The fact that a slightly different stimulus protocol was used during nerve recording in our auxiliary cohort may be seen as a limitation, but since we calculate MSNA-inhibition based on the first stimulus in stimulus trains, we assume this issue has little or no impact. The stimulus regime for eliciting cortical responses was identical in both cohorts, and the circumstances during recording in a MEG-chamber and our microneurography lab are similar. The main difference was the longer duration of the simultaneous registrations used in our main cohort, which turned out to be taxing for some individuals as it resulted in diminished wakefulness.

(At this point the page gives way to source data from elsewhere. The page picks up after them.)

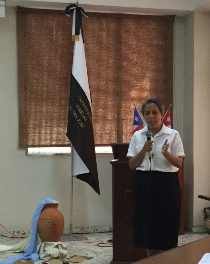 Agradecemos al Señor la oportunidad de haber tenido a la Hna. Dania Rodríguez, en representación del Gobierno General para acompañar la jornada de reflexión de entrega de las Disposiciones del XXVII Capítulo General. Dirigió la oración comunitaria de inicio de la jornada de oración – reflexión, luego entregó la guía de reflexión que recogía algunos párrafos de la primera parte del documento capitular que situaba sobre los clamores de la realidad, haciendo memoria de la belleza de nuestra historia congregacional, como preparación a la recepción del documento de las Disposiciones del XXVII Capitulo General.
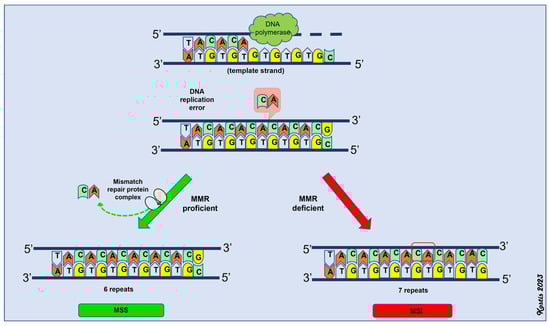 A deficient MMR system, due to mutations or epigenetic modifications, results in a propensity for multiple point mutations across the genome (hypermutability), thereby inactivating tumor suppressor genes and driving tumor initiation and progression [91]. Tumors that develop through the dMMR pathway have a high mutational burden and are also characterized by alterations in the lengths of microsatellites; hence, this pathway is termed microsatellite instability [96]. Microsatellites are repetitive sequences consisting of one to eight nucleotides and are more commonly located near the coding regions of various genes [95,96]. DNA polymerase slippage during DNA replication causes alterations in their lengths through the insertion or deletion of base pairs [105,106,107]. The MMR system is responsible for correcting these types of errors. Thus, the functionality of the MMR system defines the microsatellite status (MS) of the tumor. If the MMR system is working properly (MMR-proficient or pMMR), the tumor is microsatellite stable (MSS) or it has low microsatellite instability (MSI-low) [95]. If there is a deficiency in the MMR system (dMMR), then the tumor (MSI-high) has high microsatellite instability (Figure 2).
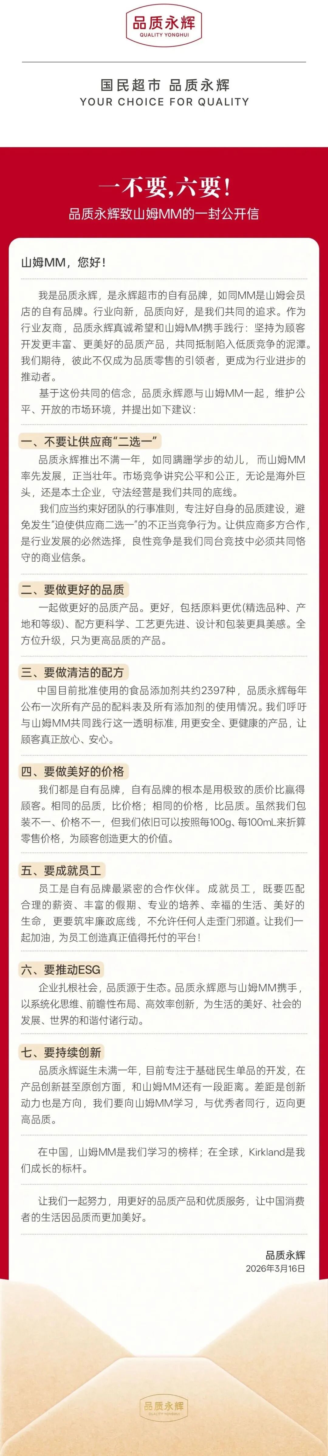 永辉发公开信喊话山姆
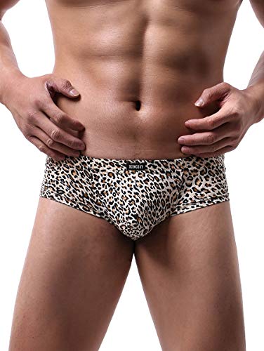 HOT ! iKingsky Men's Leopard Cheeky Boxer Briefs Sexy Mini Cheek Thong Underwear Low Rise Brazilian Back Mens under Panties
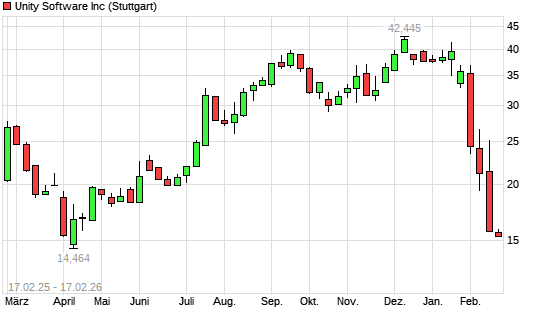 Mit dem Rücksetzer auf 15,59 EUR hat die Unity Software-Aktie (ISIN US91332U1016) am 16.02.2026 ein neues 6-Monats-Tief erreicht und damit den Kurs vom 13.02.2026 eingestellt.
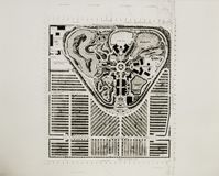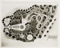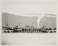 As you look at the schematic aerial view map, I would like to explain that DISNEYLAND takes up 160 acres of ground; 60 acres will be the Park itself, the rest of the acreage is for parking purposes. This area can accommodate ten thousand cars. There will be an 8 to 15 foot embankment around the 60 acres, and on top of this embankment will run a 5/8 scale steam locomotive, weighing 15 tons, pulling six coaches, carrying approximately 300 people. This locomotive will be the old-fashioned type as seen at the turn of the century. Also around the 60 acres will be a landscaped berm which will keep anyone from looking in or out of DISNEYLAND. The theme of DISNEYLAND is that when you park your car in the auto park you leave the present day behind, and when you enter DISNEYLAND you will find yourself in the land of yesterday tomorrow, and fantasy. Nothing of the present exists in DISNEYLAND.

Our limited EEG analysis exploration could be regarded as a limitation. However, the primary aim of this work was to explore the possibility of transferring the MEG-derived classification model for non-invasively characterizing sympathetic response profiles to the more clinically-accessible EEG. The analysis we performed herein was thus purposefully limited in scope to match that which we utilized successfully on our previous MEG data. It is also worth mention that we have attempted a variety of more complicated AI-based methods (including data augmentation, long short term memory, convolutional, and feedforward neural networks) to classify our previous MEG data related to MSNA, but to no avail. Because the EEG data obtained herein showed weaker correlations to MSNA than we have previously reported with MEG data, we elected not to pursue the development of AI-based classification methods on this EEG data.

Conclusions

The tendency for a relationship between increased spectral power in the beta band and significant MSNA-inhibition can be observed in EEG. While the analysis performed herein is not exhaustive, it was based on promising MEG-results. Because EEG-detected beta oscillations are relatively more vulnerable to myogenic noise (as compared to MEG), a more complicated experimental and/or analysis approach is therefore required if EEG-based measurements are to be utilized as a reliable and robust non-invasive surrogate method reflecting defense-related sympathetic inhibition in clinical routine. MEG thus remains as a more straightforward method for further research in the field due to its good spatial precision and excellent temporal resolution. Although the availability of MEG is somewhat limited at present, there are projects racing towards engineering a more accessible next generation system37,38. Our long-term aim with studying these defense-related MSNA responses is, for us and others, to explore the relationship between sympathetic defense reactions to external stimuli and circulatory homeostasis on a grander scale. The fact that these sympathetic responses have been shown to not be genetically determined22 suggests that there is potential to influence them in a homeostatically favorable direction.